| Recorded data |
▬▬▬▬▬▬▬▬▬▬

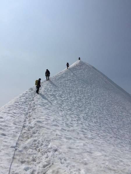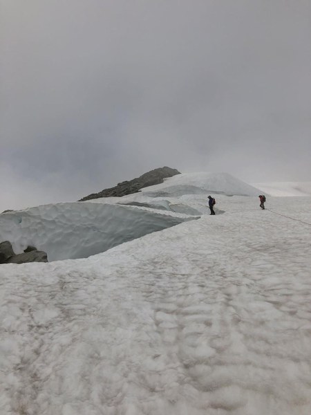 There is one main snow bridge crossing to continue up the route. Additionally there is a crevasse opening at the base of the knife edge (or not so knife edge when we were on it) that from below appears to cut into the route. It had not opened onto the top of the ridge when we crossed but care should be taken in the coming weeks.
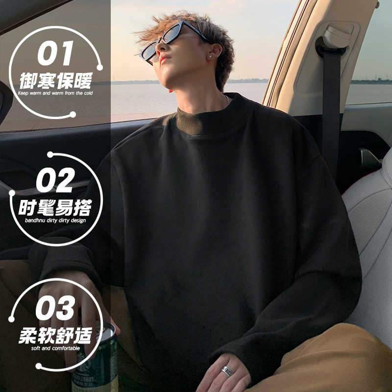 马登工装休闲半高领长袖打底衫纯色保暖内衣加厚抗静电内搭男款
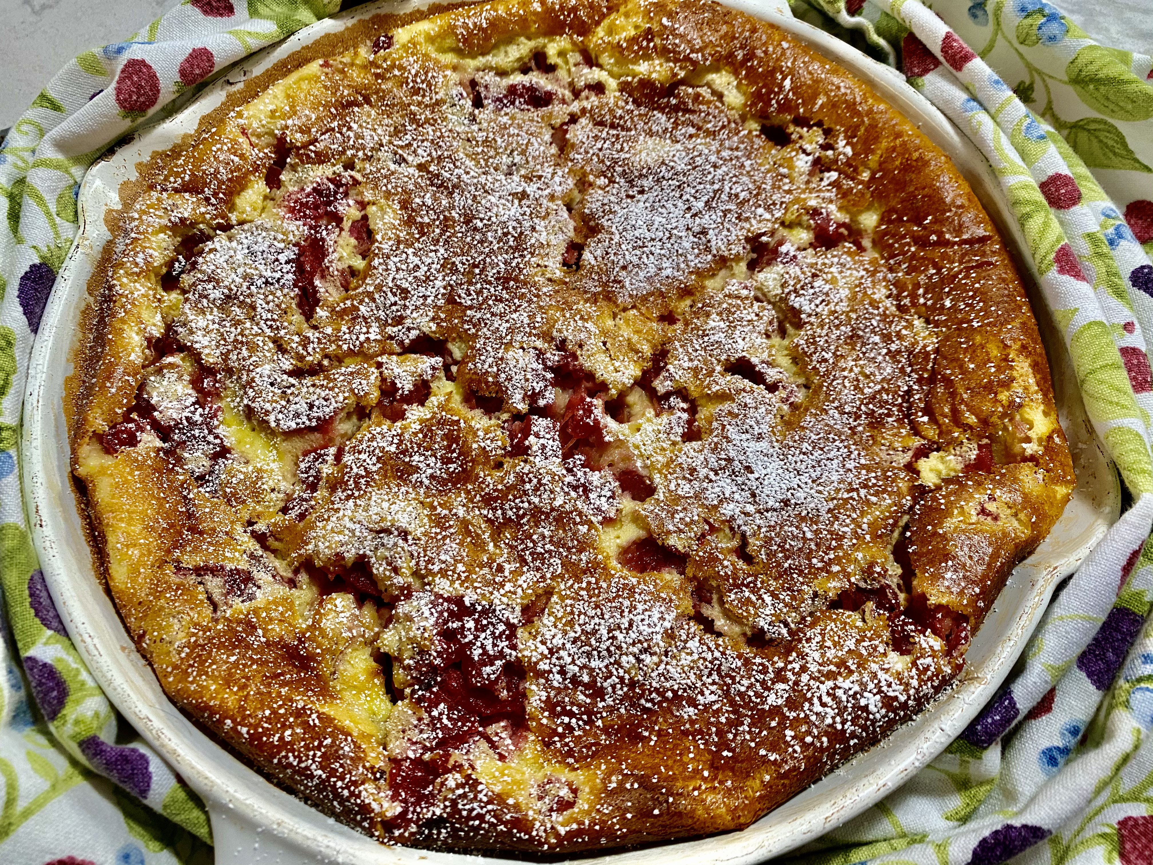 While this sweet might be among the more difficult dessert names to pronounce, it’s also the simplest to make and make well. Clafoutis (clah-FOO-tee) —and yes, I must keep remembering it’s a singular noun! — is a much-loved and often-baked traditional French dessert that is a cross between a custard and a cake, but easier and faster to make than either one. When cherries (or raspberries, blueberries…) are in season and hence plentiful-cheap, the oven is heated along with a cast iron pan (can also use a casserole), a quick batter is whirred together in the food processor, blender, or by hand and poured right into that the pan. The fruit gets distributed on top and into a HOT oven it all goes for just a half hour or so. And there’s dessert, friends. At first it’s all hot and puffy golden brown if you like it that way (think Dutch Baby), but soon it calms and cools down and is just as good, if a tad deflated. Cold for breakfast the next morning? Of course. Bien sur!
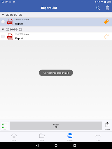 - Utwórz raporty PDF: Możesz utworzyć raporty PDF z różnych danych pomiarowych i zdjęć. (Wymaga dostępu do Internetu)

▬▬▬▬▬▬▬▬▬▬

| The problem |
Transcribe word for word only the lines from the one with "While this sweet" through the end of the listing; every picture is to be omitted.

| Written response |
 While this sweet might be among the more difficult dessert names to pronounce, it’s also the simplest to make and make well. Clafoutis (clah-FOO-tee) —and yes, I must keep remembering it’s a singular noun! — is a much-loved and often-baked traditional French dessert that is a cross between a custard and a cake, but easier and faster to make than either one. When cherries (or raspberries, blueberries…) are in season and hence plentiful-cheap, the oven is heated along with a cast iron pan (can also use a casserole), a quick batter is whirred together in the food processor, blender, or by hand and poured right into that the pan. The fruit gets distributed on top and into a HOT oven it all goes for just a half hour or so. And there’s dessert, friends. At first it’s all hot and puffy golden brown if you like it that way (think Dutch Baby), but soon it calms and cools down and is just as good, if a tad deflated. Cold for breakfast the next morning? Of course. Bien sur!
 - Utwórz raporty PDF: Możesz utworzyć raporty PDF z różnych danych pomiarowych i zdjęć. (Wymaga dostępu do Internetu)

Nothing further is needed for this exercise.